While much is being made of Zuckerberg's wealth, due to the first-time sale of FaceBook shares to the public, the op-ed points out that Zuckerberg is completely in charge of his tax fate. He apparently plans to sell $5 billion of his stock in the company, which will result in tax liability of roughly $2 billion. He will pay the taxes from the proceeds of the stock sale, leaving him a paltry $3 billion in after-tax cash. Lest we think that Mr. Z is being taxed at "Buffett Tax" rates or above, the op-ed reminds us that Zuckerberg has another $23 billion in shares on which he will pay zero tax. He has been accumulating this wealth for the past decade or so, paying no tax in any year. That he will pay any tax at all is his choice.

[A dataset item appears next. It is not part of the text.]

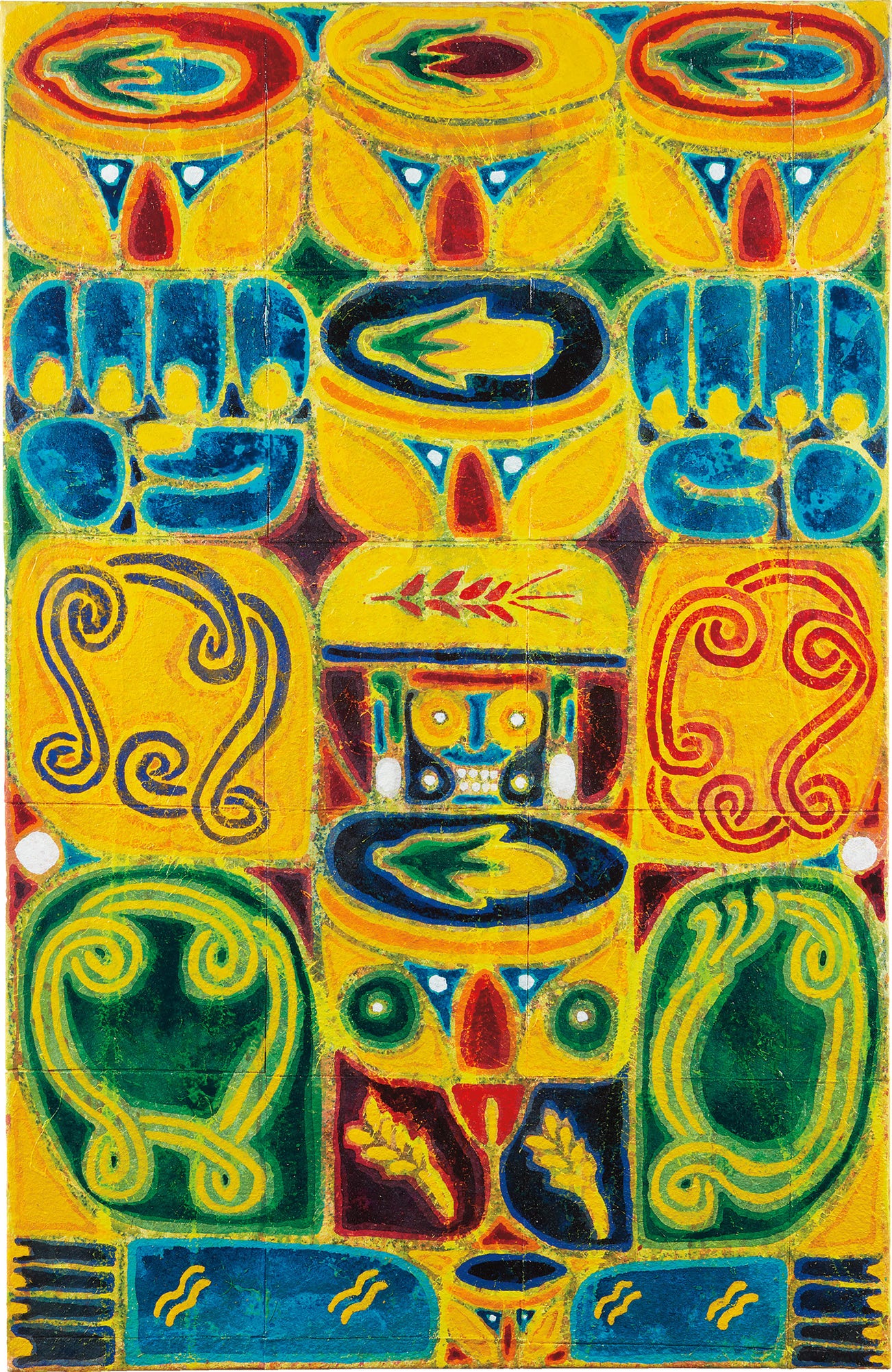 acrylic, watercolor crayon and felt on canvas

Moreover, anyone who dies with unrealized gains on their property can pass the property to his heirs, income-tax free. If Zuckerberg's heirs were to receive his $23 billion in FaceBook stock, they could sell those shares the next day under rules that would allow them to say that they had received no income from the deal. This is, among other things, one of the poorly understood justifications for the estate tax. The realization doctrine thus allows income from property to be shielded from income tax for decades, at which point the estate tax is the only thing that keeps the gains from being entirely exempt from taxation.
There is, in the current political environment, no traction for the Zuckerberg/Macomber tax. For that matter, there is no traction for anything that would collect more tax revenue. Even so, Miller's proposal reminds us that we have, for the last century, been giving a pass to a group of taxpayers who never should have been able to take advantage of the realization doctrine. If equity means anything in tax law, this is an area that is ripe for fundamental change.